[Supplied material]
* * * * * * *
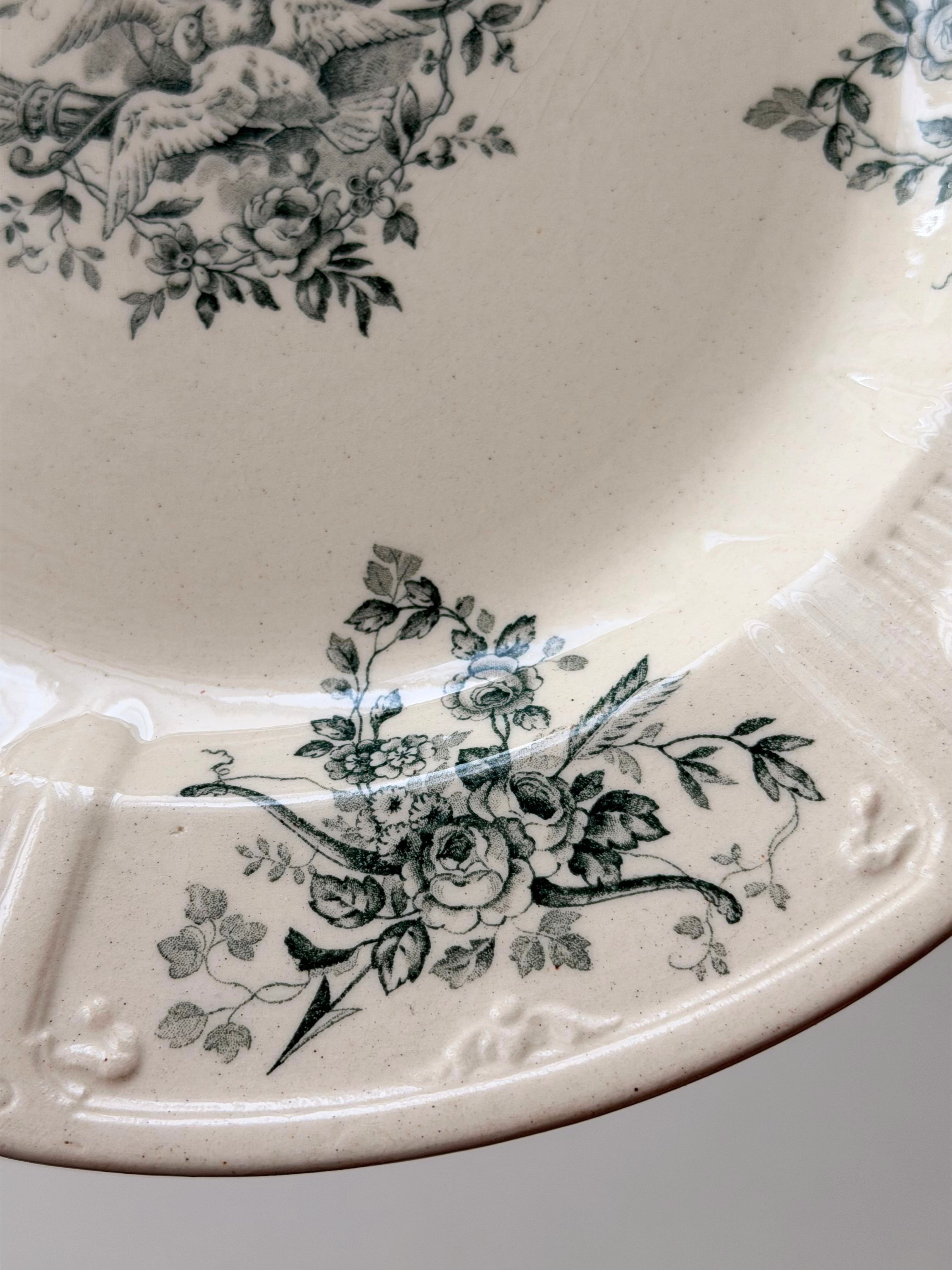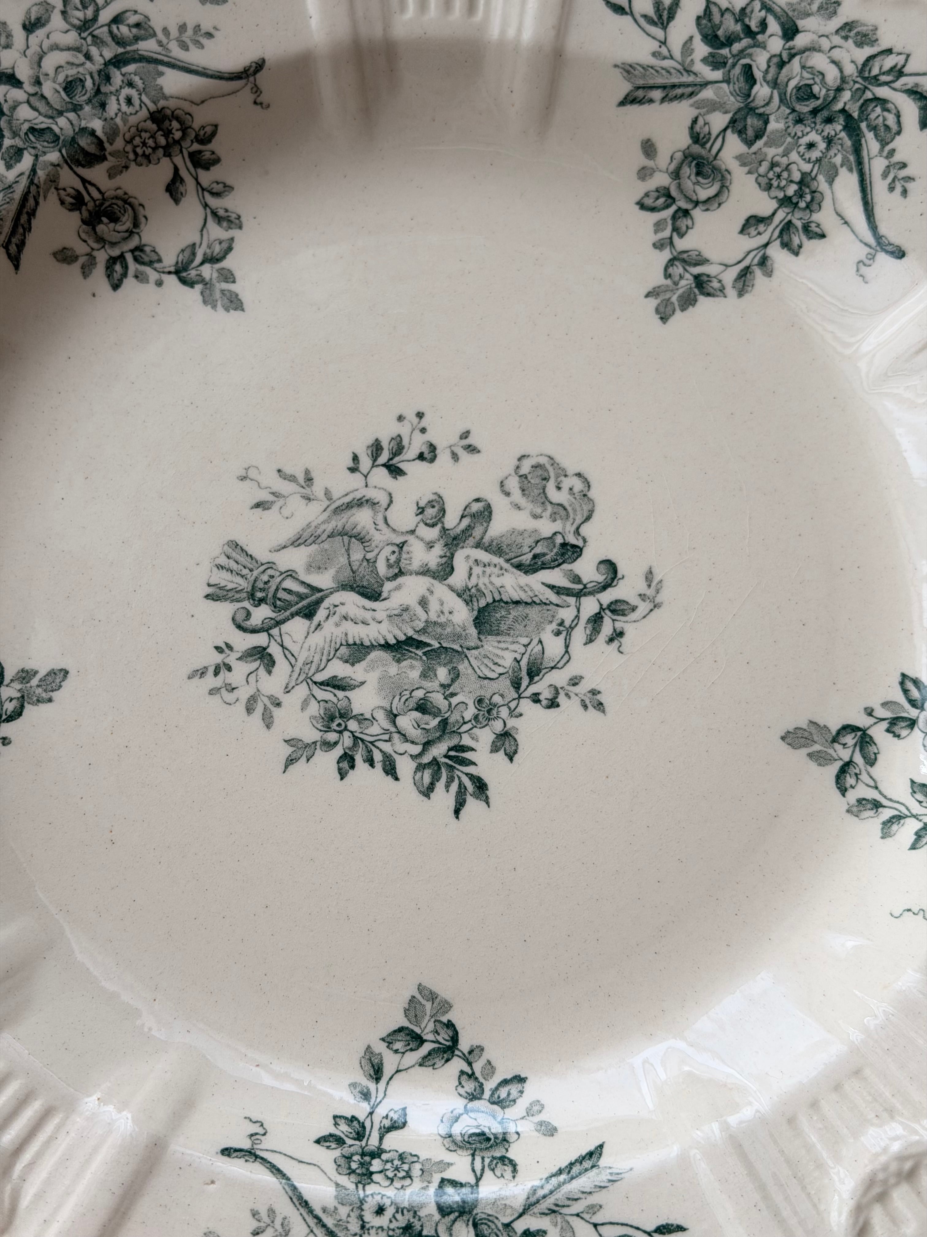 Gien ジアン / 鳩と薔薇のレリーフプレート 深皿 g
* * * * * * *
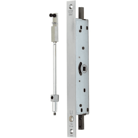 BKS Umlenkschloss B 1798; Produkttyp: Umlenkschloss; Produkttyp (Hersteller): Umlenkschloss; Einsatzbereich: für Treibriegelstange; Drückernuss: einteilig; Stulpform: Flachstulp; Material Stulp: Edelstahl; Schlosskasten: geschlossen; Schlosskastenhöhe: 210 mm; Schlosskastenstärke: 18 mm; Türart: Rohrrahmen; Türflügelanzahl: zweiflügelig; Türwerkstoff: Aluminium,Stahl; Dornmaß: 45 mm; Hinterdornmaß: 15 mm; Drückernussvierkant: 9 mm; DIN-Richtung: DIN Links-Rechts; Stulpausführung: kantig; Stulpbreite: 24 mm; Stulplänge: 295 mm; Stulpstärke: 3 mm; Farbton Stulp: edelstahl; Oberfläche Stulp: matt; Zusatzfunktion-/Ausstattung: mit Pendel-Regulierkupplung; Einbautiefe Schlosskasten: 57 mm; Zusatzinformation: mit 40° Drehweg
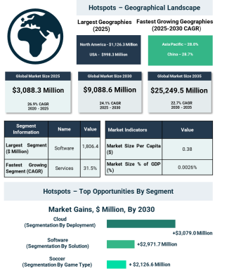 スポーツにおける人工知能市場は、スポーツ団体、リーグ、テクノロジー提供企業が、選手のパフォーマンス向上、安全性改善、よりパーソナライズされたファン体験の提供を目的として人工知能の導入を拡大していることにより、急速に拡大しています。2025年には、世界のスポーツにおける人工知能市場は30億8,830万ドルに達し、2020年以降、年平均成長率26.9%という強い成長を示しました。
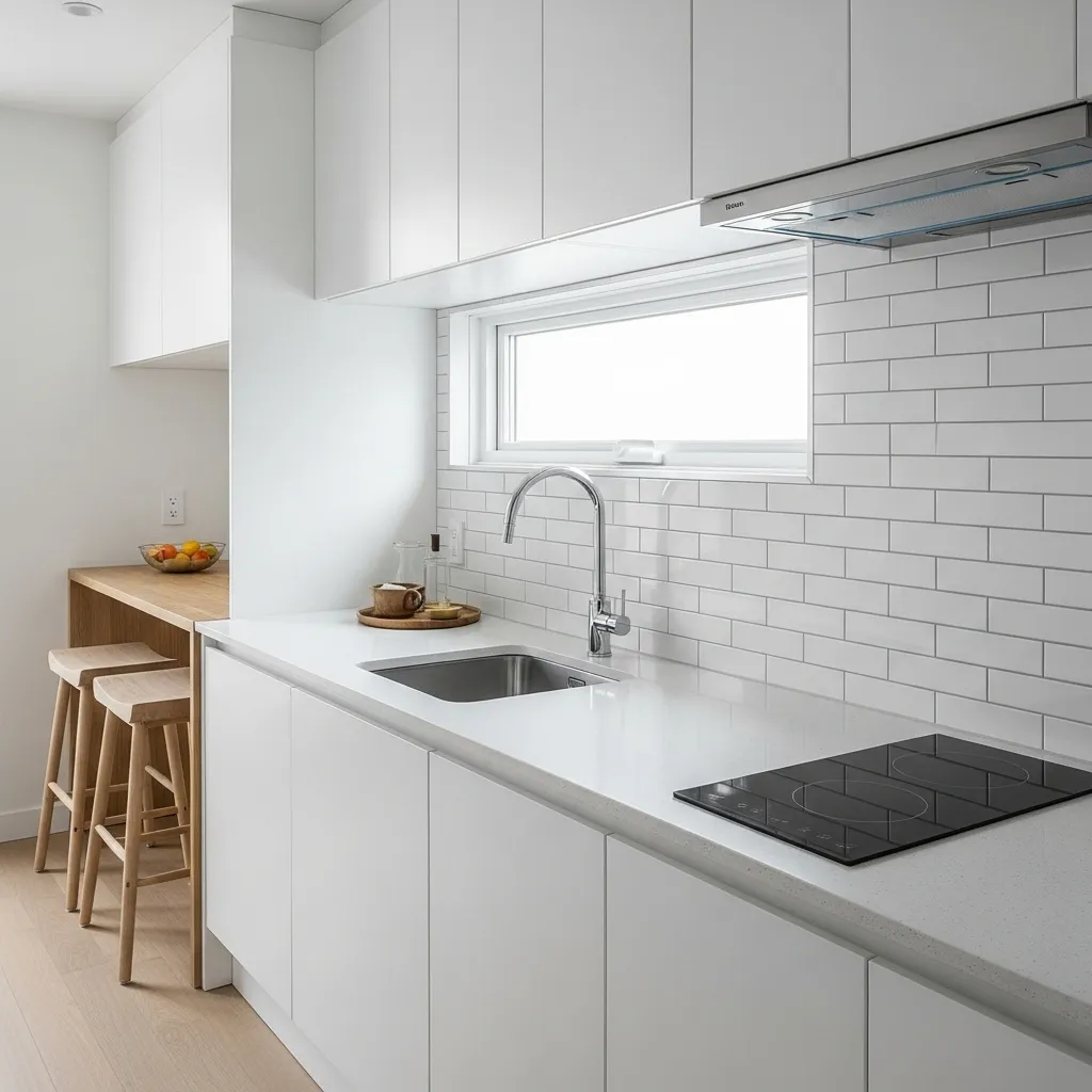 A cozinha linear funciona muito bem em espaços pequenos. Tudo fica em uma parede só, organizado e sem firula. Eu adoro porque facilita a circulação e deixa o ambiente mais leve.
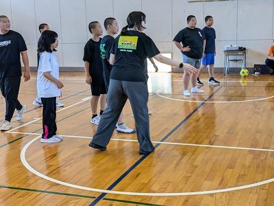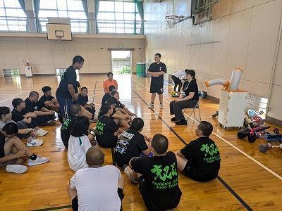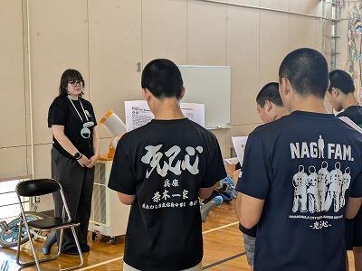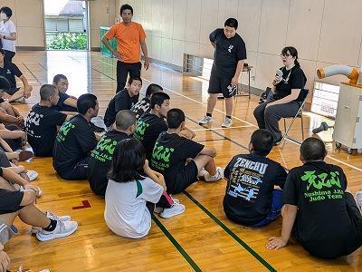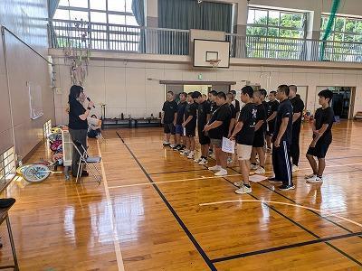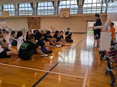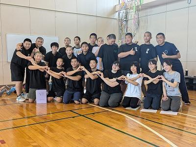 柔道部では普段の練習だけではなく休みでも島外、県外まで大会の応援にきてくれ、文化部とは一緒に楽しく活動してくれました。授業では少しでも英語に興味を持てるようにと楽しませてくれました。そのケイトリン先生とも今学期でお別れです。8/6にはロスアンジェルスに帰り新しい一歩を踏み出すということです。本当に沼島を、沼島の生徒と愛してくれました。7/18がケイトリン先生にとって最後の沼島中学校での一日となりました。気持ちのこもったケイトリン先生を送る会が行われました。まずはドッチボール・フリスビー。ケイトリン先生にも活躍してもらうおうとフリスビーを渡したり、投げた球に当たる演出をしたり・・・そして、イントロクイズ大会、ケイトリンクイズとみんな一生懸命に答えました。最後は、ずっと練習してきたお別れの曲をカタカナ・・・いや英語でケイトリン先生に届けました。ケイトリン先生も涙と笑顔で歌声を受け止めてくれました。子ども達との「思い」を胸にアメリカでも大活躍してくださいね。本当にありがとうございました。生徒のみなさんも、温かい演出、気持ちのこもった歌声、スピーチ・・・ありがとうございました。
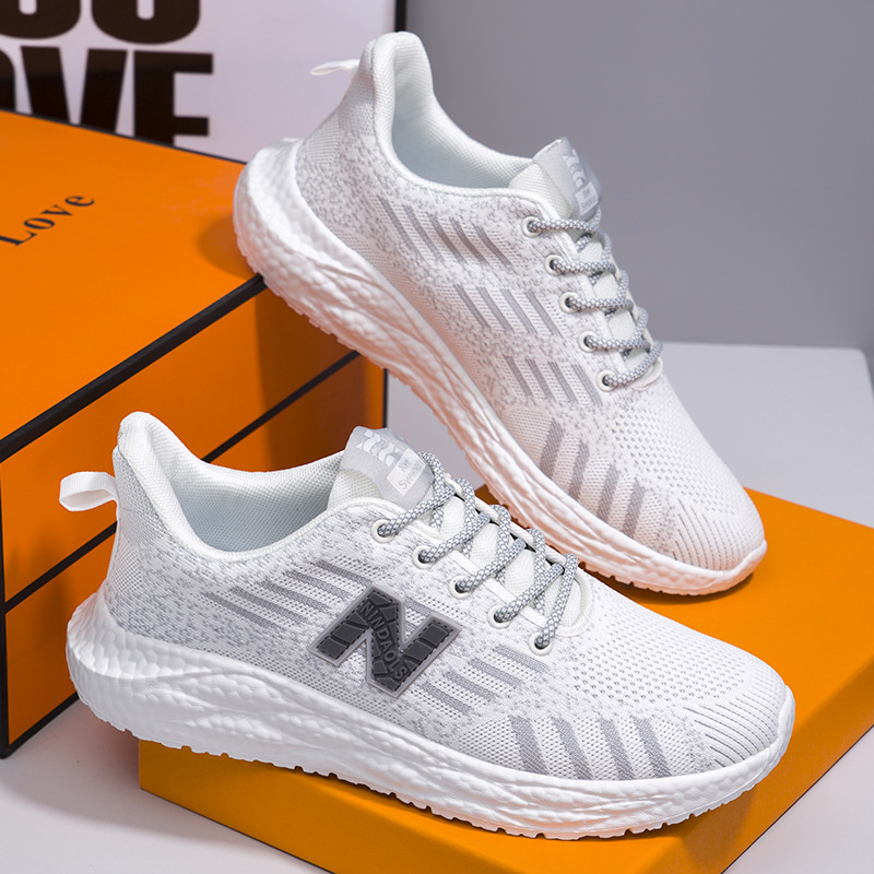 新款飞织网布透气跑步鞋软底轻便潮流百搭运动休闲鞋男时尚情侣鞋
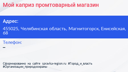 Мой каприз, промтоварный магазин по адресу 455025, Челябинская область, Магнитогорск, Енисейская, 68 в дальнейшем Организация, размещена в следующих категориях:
* * * * * * *
In the data above, retype only the stretch from the line with "BKS Umlenkschloss B" through the line with "スポーツにおける人工知能市場は、スポーツ", word for word, and skip any pictures.

 BKS Umlenkschloss B 1798; Produkttyp: Umlenkschloss; Produkttyp (Hersteller): Umlenkschloss; Einsatzbereich: für Treibriegelstange; Drückernuss: einteilig; Stulpform: Flachstulp; Material Stulp: Edelstahl; Schlosskasten: geschlossen; Schlosskastenhöhe: 210 mm; Schlosskastenstärke: 18 mm; Türart: Rohrrahmen; Türflügelanzahl: zweiflügelig; Türwerkstoff: Aluminium,Stahl; Dornmaß: 45 mm; Hinterdornmaß: 15 mm; Drückernussvierkant: 9 mm; DIN-Richtung: DIN Links-Rechts; Stulpausführung: kantig; Stulpbreite: 24 mm; Stulplänge: 295 mm; Stulpstärke: 3 mm; Farbton Stulp: edelstahl; Oberfläche Stulp: matt; Zusatzfunktion-/Ausstattung: mit Pendel-Regulierkupplung; Einbautiefe Schlosskasten: 57 mm; Zusatzinformation: mit 40° Drehweg
 スポーツにおける人工知能市場は、スポーツ団体、リーグ、テクノロジー提供企業が、選手のパフォーマンス向上、安全性改善、よりパーソナライズされたファン体験の提供を目的として人工知能の導入を拡大していることにより、急速に拡大しています。2025年には、世界のスポーツにおける人工知能市場は30億8,830万ドルに達し、2020年以降、年平均成長率26.9%という強い成長を示しました。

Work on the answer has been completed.